From snow to Dutchman’s breeches in four days

This week was exhilarating: snow on Monday, and then temperatures warming through the week. Everything seems poised to flower within the next week or so.

Sunday one week ago we had five inches of snow. I’m not a weather watcher, and it caught me by surprise, right in the middle of April. By Monday morning the snow had started to melt, but it was still several inches thick in the East Woods. The mayapples stood in bunches, like passengers waiting for the bus in a blizzard, coats wrapped tightly under their chins, stiff, silent. The white fawn lilies were half-buried, but their leaf tips were spiky atop the surface of the snow. False mermaid clustered under fallen logs and at the bases of the trees, where the snow had melted down a bit or not accumulated in the first place. Only the spring beauty gave the impression of having been beaten down by the snow; perhaps not set back, but disappointed, slowed a bit. Spring beauty is lovely, but it is not strong.
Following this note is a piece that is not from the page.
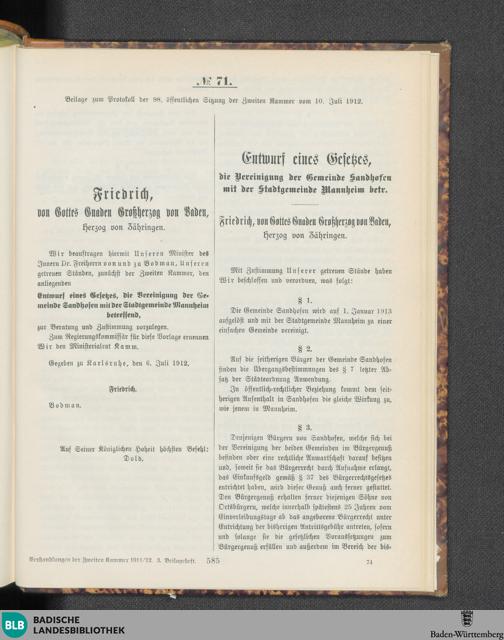 Badischer Landtag, 2. Kammer - digitalisiert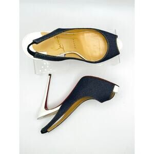 CHRISTIAN LOUBOUTIN Denim/Jazz Leather Peep toe Slingback Sandals size EU 35.5

Monday afternoon, much of the snow had melted. Rachel saw mourning cloak butterflies in the garden. By Tuesday morning, the snow had almost all melted away. At sunrise the field sparrows and robins and song sparrows were all going strong, and by an hour later I was hearing towhees. On the north-facing slope overlooking the frog pond, patches of snow about the size of a boot print were nestled at base of every third tree, downslope, protected from the sun. There were no frogs calling, but a ruby crowned kinglet insistently sang and sang from down near the pond, where a pair of wood ducks were coming in for a landing. Botanizing, eyes on the ground, I stumbled upon a Cooper’s hawk that had caught a flicker. As raptors will do, the bird sized me up before flying off with its quarry, low through the trees, leaving a cloud of feathers in the middle of the chipped trail. When Rachel and I met for lunch that day, we saw bumblebees and painted ladies.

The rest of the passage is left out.